* _Task item_
Starting at the first line of the data, please print exactly those lines through the one that holds "1975年に聖市の陸軍施設で拷問死したジャーナリストのウラジミール・エルゾーギ氏", omitting every picture.

● ● ● ● ●

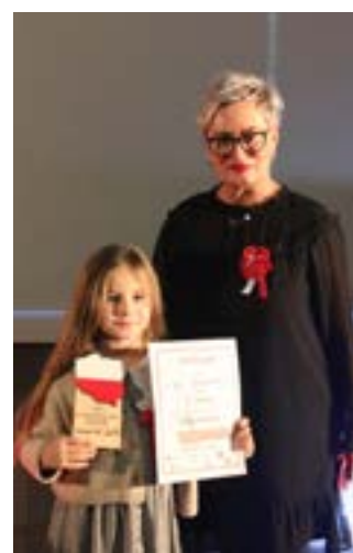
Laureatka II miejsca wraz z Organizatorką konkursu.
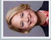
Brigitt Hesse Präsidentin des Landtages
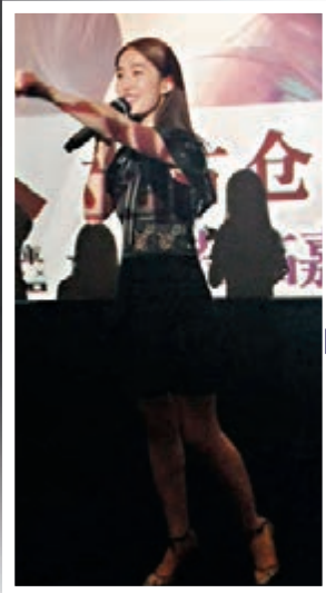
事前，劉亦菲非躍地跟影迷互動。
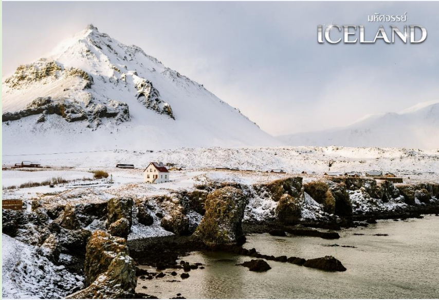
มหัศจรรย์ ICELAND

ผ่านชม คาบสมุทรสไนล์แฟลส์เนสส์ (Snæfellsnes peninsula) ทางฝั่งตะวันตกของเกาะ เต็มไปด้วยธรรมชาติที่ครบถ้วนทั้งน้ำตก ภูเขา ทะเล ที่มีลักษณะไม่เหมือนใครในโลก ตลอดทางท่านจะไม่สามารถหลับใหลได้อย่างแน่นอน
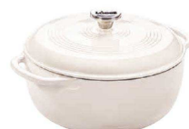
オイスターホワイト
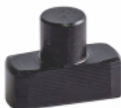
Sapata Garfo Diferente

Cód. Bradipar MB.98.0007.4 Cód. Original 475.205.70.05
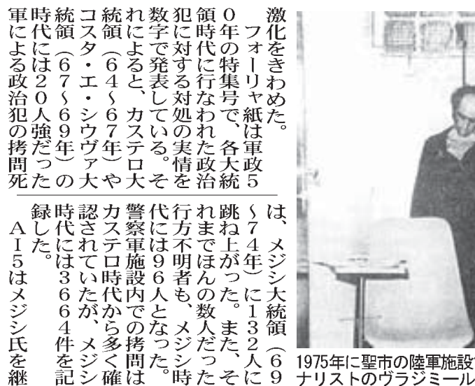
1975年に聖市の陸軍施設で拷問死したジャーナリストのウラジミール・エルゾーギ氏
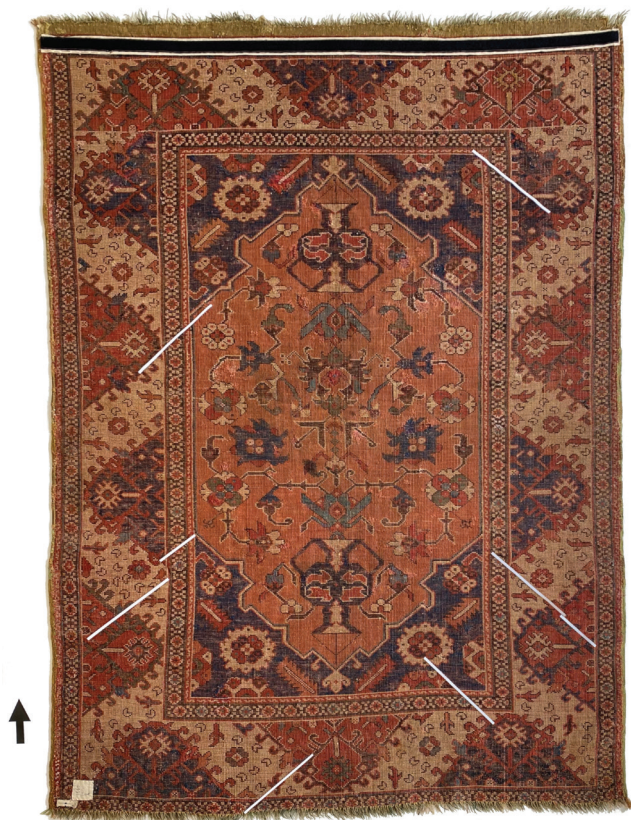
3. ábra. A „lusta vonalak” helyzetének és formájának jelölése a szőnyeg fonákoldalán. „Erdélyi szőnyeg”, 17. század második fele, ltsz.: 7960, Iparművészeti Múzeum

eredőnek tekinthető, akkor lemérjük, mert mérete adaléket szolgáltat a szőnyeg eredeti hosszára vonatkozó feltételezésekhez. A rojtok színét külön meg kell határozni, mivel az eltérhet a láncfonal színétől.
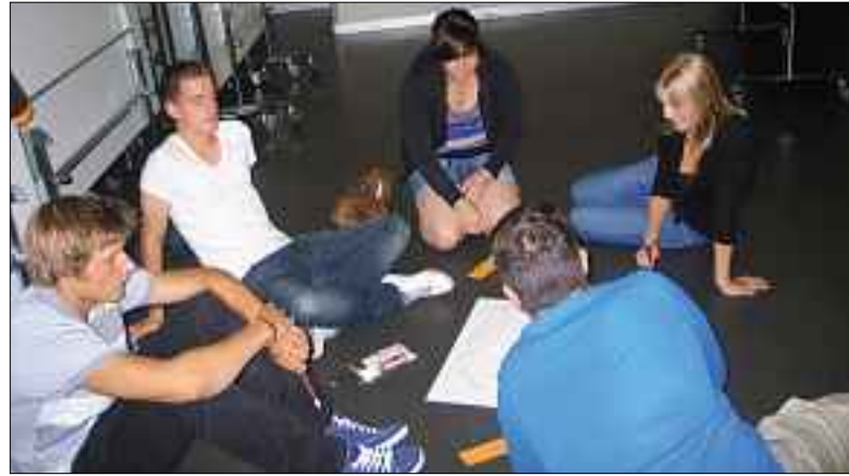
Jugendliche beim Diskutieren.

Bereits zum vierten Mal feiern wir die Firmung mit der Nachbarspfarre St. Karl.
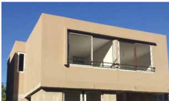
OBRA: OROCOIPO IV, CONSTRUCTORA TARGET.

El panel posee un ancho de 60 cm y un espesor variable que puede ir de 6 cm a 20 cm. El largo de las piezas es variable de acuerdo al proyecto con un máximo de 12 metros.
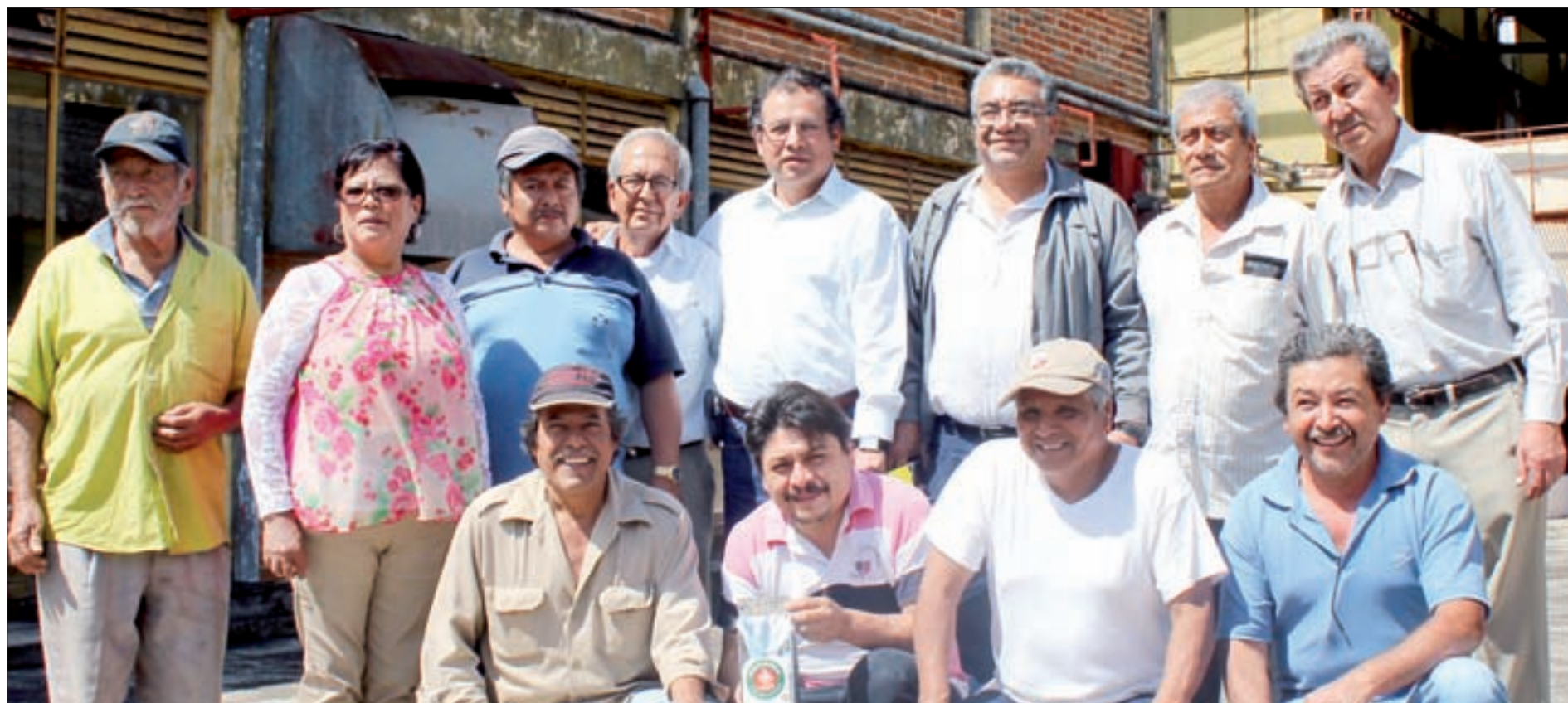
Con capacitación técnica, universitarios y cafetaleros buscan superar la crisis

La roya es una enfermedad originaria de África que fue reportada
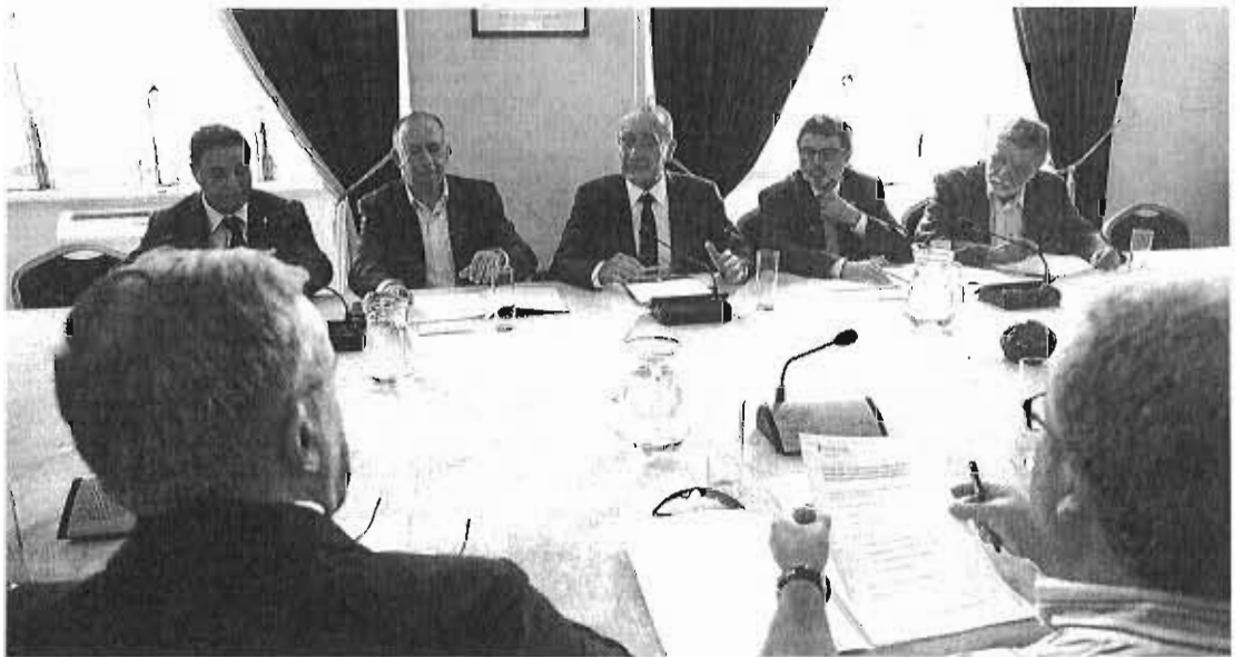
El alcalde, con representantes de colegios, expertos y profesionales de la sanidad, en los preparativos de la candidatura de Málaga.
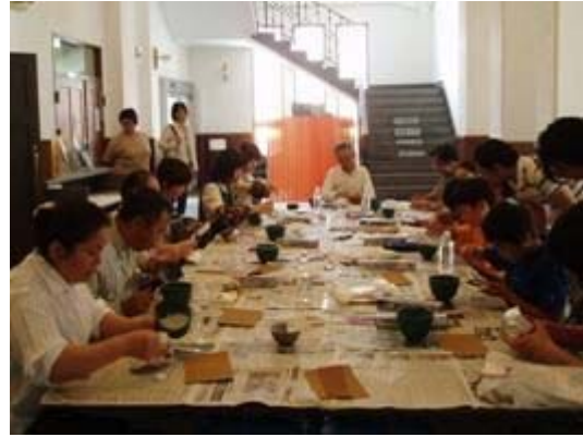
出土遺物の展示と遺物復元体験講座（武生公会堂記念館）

● ● ● ● ●

* _Written answer_
Laureatka II miejsca wraz z Organizatorką konkursu.
Brigitt Hesse Präsidentin des Landtages
事前，劉亦菲非躍地跟影迷互動。
มหัศจรรย์ ICELAND

ผ่านชม คาบสมุทรสไนล์แฟลส์เนสส์ (Snæfellsnes peninsula) ทางฝั่งตะวันตกของเกาะ เต็มไปด้วยธรรมชาติที่ครบถ้วนทั้งน้ำตก ภูเขา ทะเล ที่มีลักษณะไม่เหมือนใครในโลก ตลอดทางท่านจะไม่สามารถหลับใหลได้อย่างแน่นอน
オイスターホワイト
Sapata Garfo Diferente

Cód. Bradipar MB.98.0007.4 Cód. Original 475.205.70.05
1975年に聖市の陸軍施設で拷問死したジャーナリストのウラジミール・エルゾーギ氏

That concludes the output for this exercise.